2)MapReduce distributed proccessings.MapReduce distributed proccessings pass through the big rule to data set Each node that modulo operation is distributed on network realizes reliability, and each node can be periodically the work of completion and state Updating record is returned.More than the one default time interval if a node is kept silent, host node record this node State is death, and the data for distributing to this node are dealt into other node.It is each to operate with the inseparable of name file Operation is cut to ensure the conflict between parallel thread will not occur, when file is renamed, system may replicate them Gone in another name beyond to task name.
3)Sort result technology.The search information of website, Particulars of membership ranking, allows client the very first time to find supplier.
4)Redis technologies.Redis not only supports the data of simple k/v types, while also provides list, set, The storage of the data structures such as hash, redis support the data backup of the backup, i.e. master-slave patterns of data, redis branch The persistence of data is held, the data in internal memory can be maintained in disk, can again load and be used when restarting, In addition, redis String capacity is big, it is maximum up to 1G.
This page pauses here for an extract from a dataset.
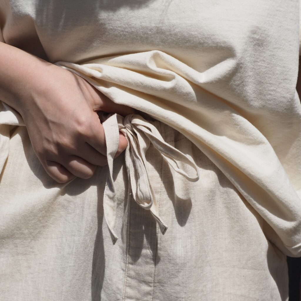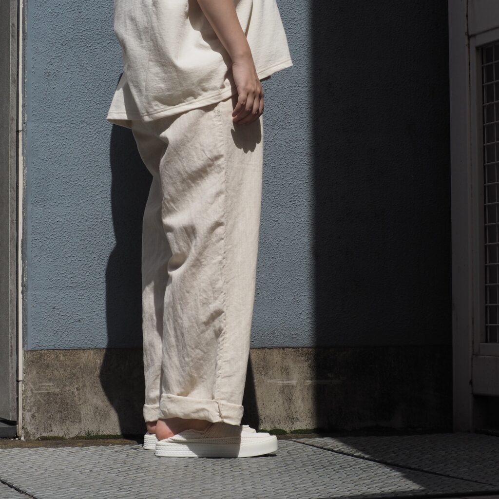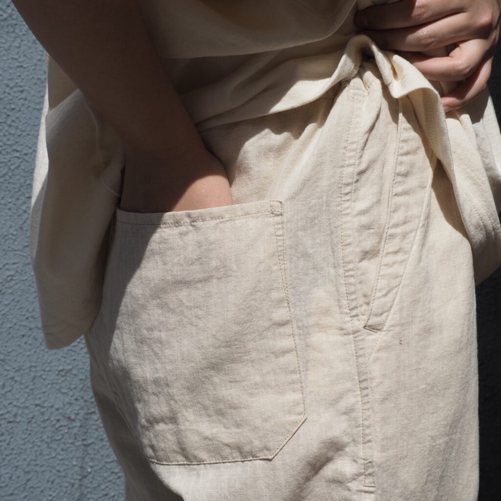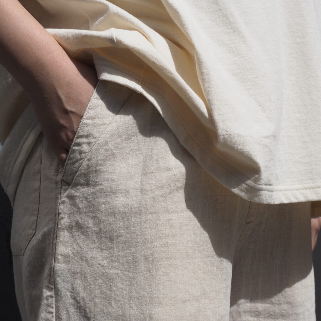 生成りならではの素朴な色合いの中に、ムラ糸がつくる節の表情が浮かび上がり、織りの立体感を楽しめる素材です。麻特有のドライなタッチにコットンのやわらかさが加わり、肌離れが良く、季節を通して心地よく着用いただけます。

5)Database technology.Database is used to manage substantial amounts of gathered data and the structuring number related to these data According to.Structural data includes the metadata of collection information, and the other information extracted from data set, such as hyperlink and Anchor Text etc..Requirement of the data acquisition module to database has at 2 points in the present invention:When high arbitrary access, can be to information Quick-searching is carried out, second, high-compressibility, can cause database to store more gathered data, this hair using less space Bright middle use Delta is encoded(coding)Compress technique can realize 70% compression to documents such as HTML.
Several typical case scenes of this method are described below:
With reference to figure 2, a kind of embodiment of the method for gathered data of the invention distribution is as follows.
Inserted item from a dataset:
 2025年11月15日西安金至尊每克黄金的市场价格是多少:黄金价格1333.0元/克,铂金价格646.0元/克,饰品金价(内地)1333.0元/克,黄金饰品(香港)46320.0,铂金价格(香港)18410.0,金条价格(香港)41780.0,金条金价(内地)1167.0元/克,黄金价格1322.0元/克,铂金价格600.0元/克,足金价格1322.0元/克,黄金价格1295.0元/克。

Application scenarios one:
Reptile is firstly connected to a domain name system(DNS)On server(Dns server converts the hostname into IP address), so Try to connect the server with IP address afterwards, finally send a HTTP request to the webserver, have requested that a page.
Wherein described reptile component mainly includes five modules:
A, url data pond to be collected:It contains current URL to be collected(In continous way collection, some acquired mistake URL can may be also put back into the collection pond to be resurveyed).
B, DNS name resolution module:It is when URL captures webpage for determining the IP of its corresponding Web server Location.
C, Web page module is captured:Webpage corresponding to some URL is returned using http agreements.
D, analysis and processing module:Text and link are extracted from the webpage collected.
F, URL deduplication modules:Determine whether some link extracted captured in URL pool or recently.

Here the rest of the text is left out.